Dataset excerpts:
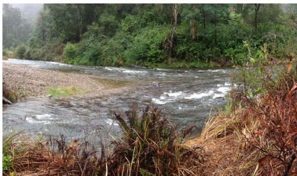
The Thomson River during a release of environmental water

In Victoria, many agencies work to implement environmental watering programs. West Gippsland Catchment Management Authority and Melbourne Water have developed seasonal watering proposals which include key flow objectives to deliver within channel flow pulses, known as 'freshes', to specifically trigger downstream migration and spawning of Australian Grayling. Every June, the Victorian Environmental Water Holder collates and summarises these seasonal watering proposals into a seasonal watering plan which previews all potential environmental watering across Victoria for the coming water year under each planning scenario.
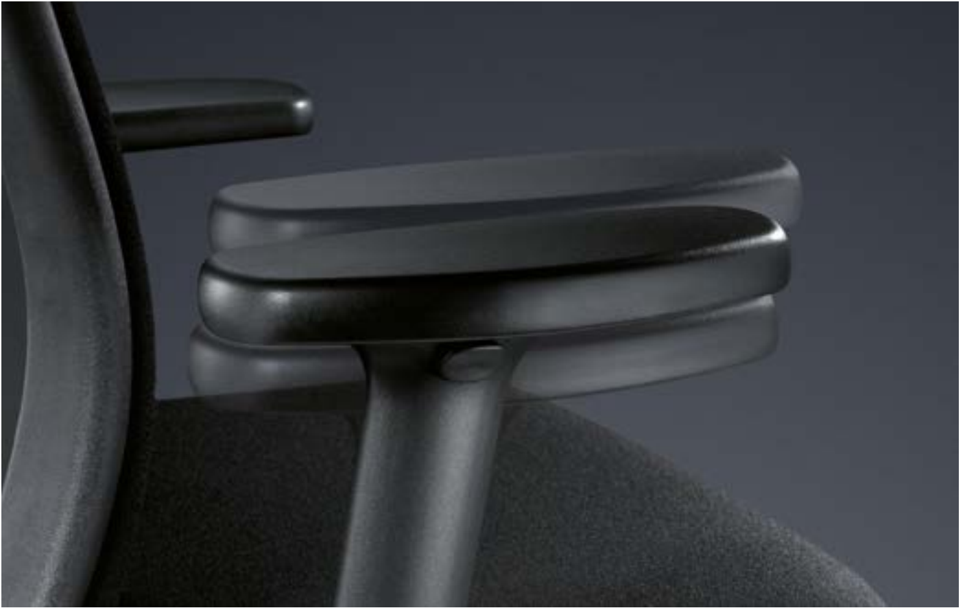
T-armrests, 4D adjustable in height, width and depth, rotatable.
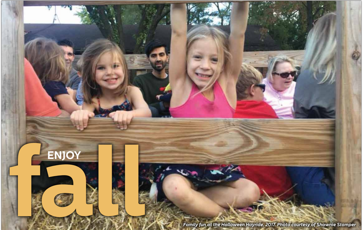
Family fun at the Halloween Hayride, 2017.

NEWS & EVENTS • CITY OF PLEASANT RIDGE, MICHIGAN • OCT.-DEC., 2018
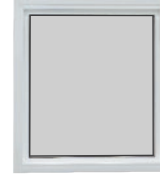
Casement Picture Window
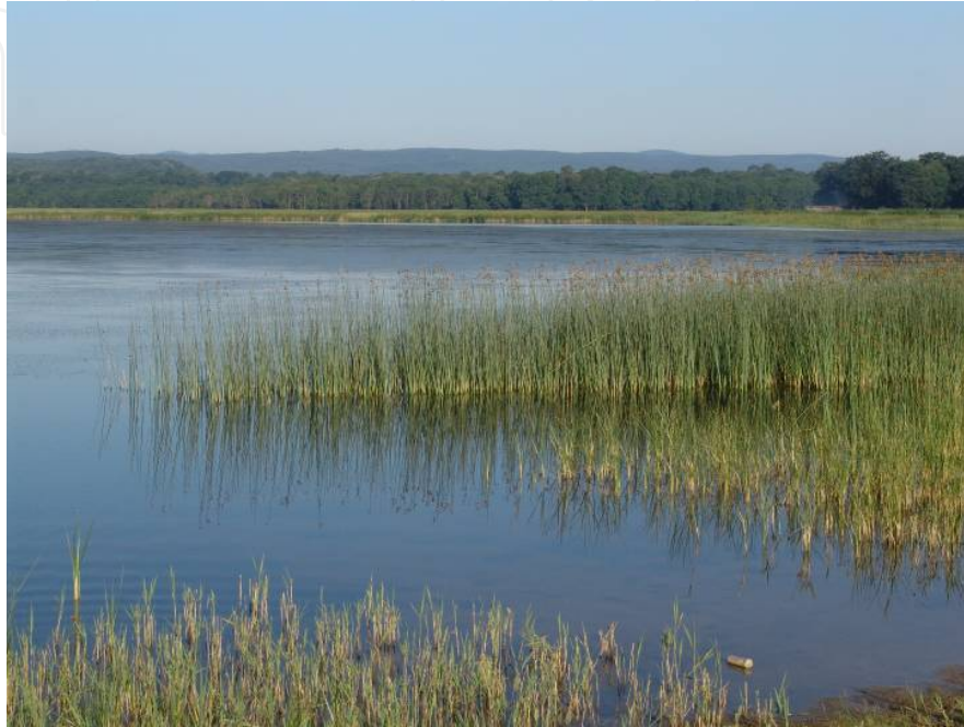
Figure 10. The Mert Lake, İğneada, Kırklareli, Turkey

The native vegetation is directly related to land use and environmental change and is the most easily visible and perceived part of the landscape. It is important in relation to visual effects. However, without detailed studies cannot be understood fully the relationship between other landscape elements. According to Peter et al. (2000), as well as providing essential habitat, native vegetation, including small isolated remnants and scattered trees, has an important role in providing connectivity across the landscape (Figure 10).
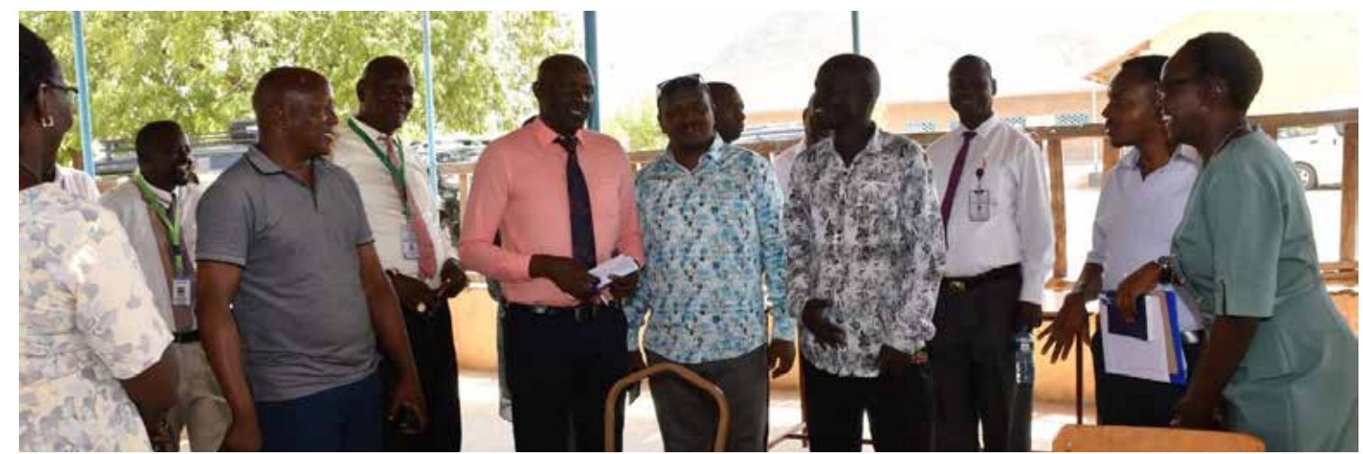
The Education Committee when it visited Nakwamekwi and the Education Assessment Resource Centre (EARC) at the Lodwar Mixed Primary School during the Senate Mashinani in Turkana County.

rom July 1, the Committee on Education held a total of 34 sittings and considered 18 Statements sought on the floor of the House.
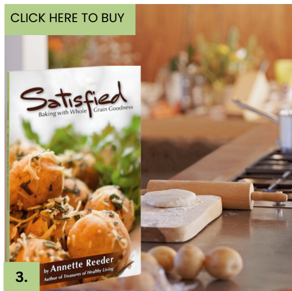
SATISFIED: BAKING WITH WHOLE GRAIN GOODNESS) PRINT BOOK
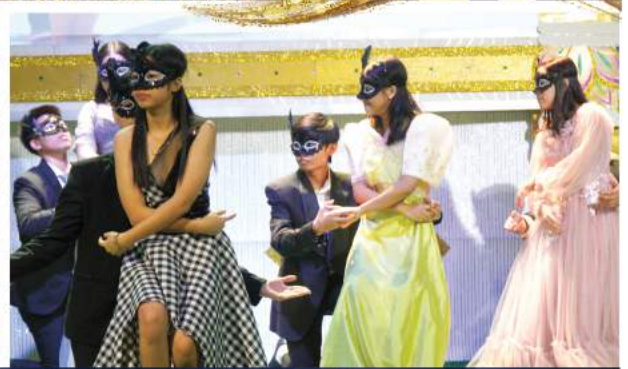
High school students enjoyed performing on stage as they dance smoothly with their classmates.

EXERCISE OBJECTIVE
A single number is the whole answer: please count how many lines of the records above include the string "Education".

SOLUTION FOR THIS EXERCISE
2